Six months ago, I would have gone on that same exact date and instead of writing him off, I would have gotten to work on how to make him love me. Classic Cheyenne. I love the chase and what’s more fun than winning over the guy who couldn’t give less of a shit that you exist? Ha ha ha. A great question for my therapist, I know. But actually none of that was true this time. Instead of immediately trying to figure out what is was about me that he didn’t like and how to remedy those parts of my personality post-haste, I was like, “hold on just a minute…. I don’t like HIM!” What a fucking relief to finally see it this way. Like, news flash, your opinion in these matters is actually kind of important, Cheyenne.

Logically, this always made sense to me, but I had never put my ego aside long enough to let it actually happen. And let me tell you, now that I have, I am never going back. This feels like an act of self love that is so very long overdue. I wish I could bottle this feeling up and give it to my 20-year-old self, or at least all the 20-year-old girls out there right now. But then again, maybe this is just something we have to experience for ourselves in order for it to really stick. We have to let our hearts/brains/evolutionary instincts go all haywire in the face of a “cool” guy who is currently talking to 17 other girls. We have to lose who we are while we contort ourselves into our idea of his perfect girl, only for him to leave us on read. We have to go through these grueling mental gymnastics long enough that we eventually tire ourselves out, to then come to the life-altering realization that the best and only course of action is to just be our amazingly cool selves and only make time for men who see that, honor it, and do everything they can to keep up. RANT OVER. I AM FREE! (FROM MYSELF!) AND STILL SINGLE BUT WHATEVER LOL.

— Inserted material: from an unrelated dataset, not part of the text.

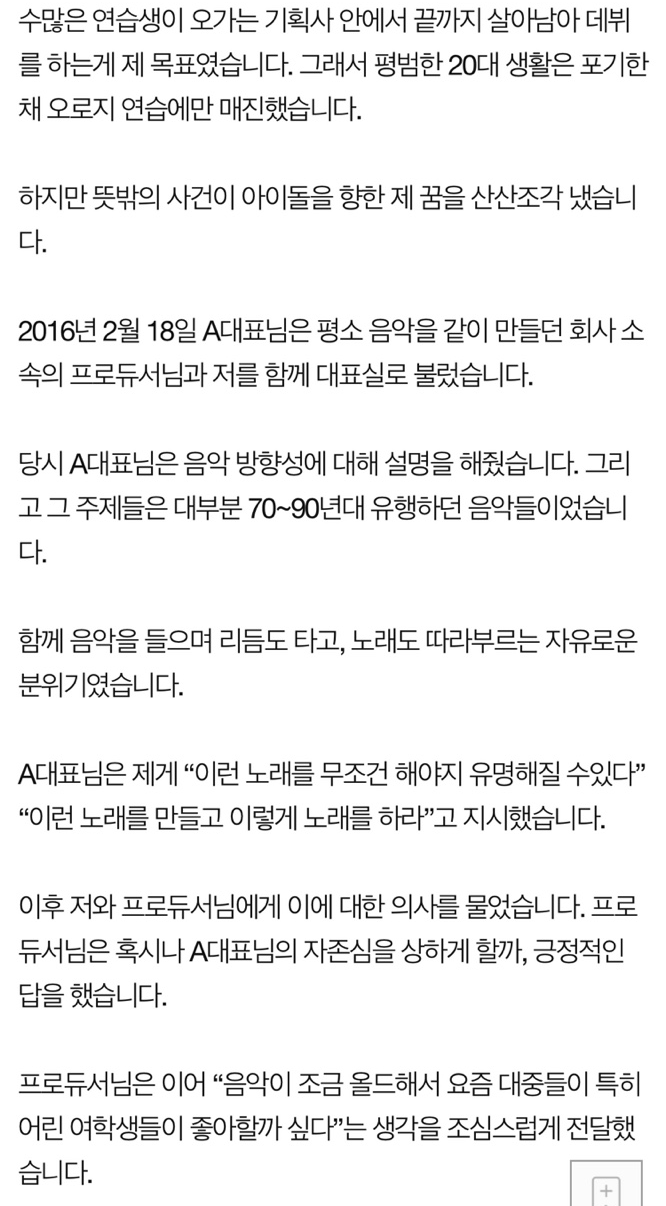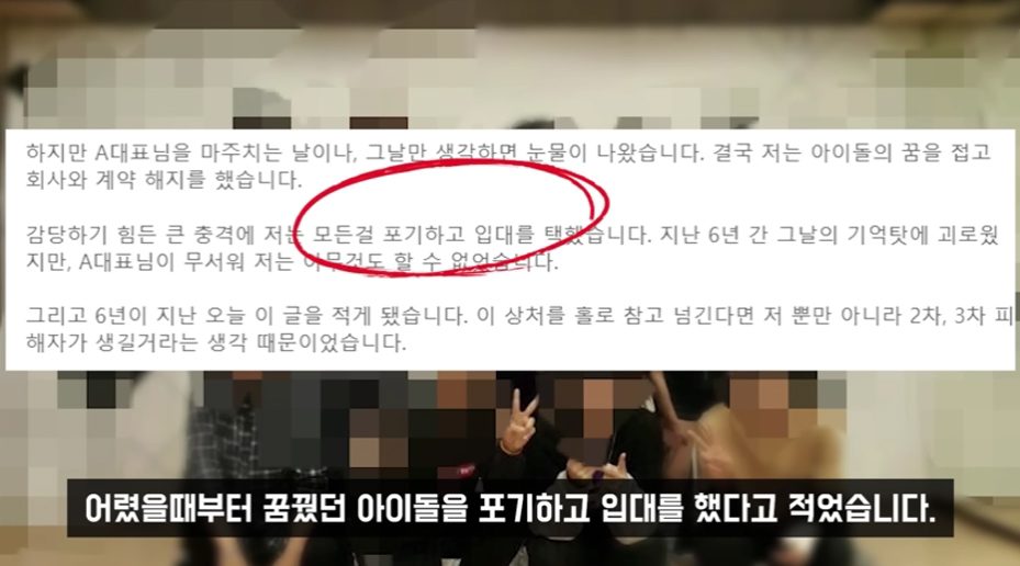 이후 아이돌의 꿈을 접고 회사와 계약해지를 했다는 A씨는 "대표님의 진정성 있는 사과를 원하고 있다"고 말했습니다.

A horrific little P.S. to this story:

I ran into my friends [redacted] and [redacted] who are similarly into creepy stuff like me, so, naturally, I was excited to tell them about how I was *this close* to falling in love with, and ultimately marrying, a funeral director. OK, ha, not that close. Anyway. I was like, “Oh you guys, I went on a date with a funer—” and before I could get another word out, [redacted] stopped me and was like, “WAS HE TALL? DOES HE HAVE A MUSTACHE? IS HIS NAME [REDACTED] AND DID YOU SLEEP WITH HIM?!” Turns out, they have a friend who went on a date with him and slept with him. He failed to mention to her that he had a kid and also failed to mention that he gave her an STD. Bullet, dodged. And this is why they call it the smallest big city in the world, folks. Eeek!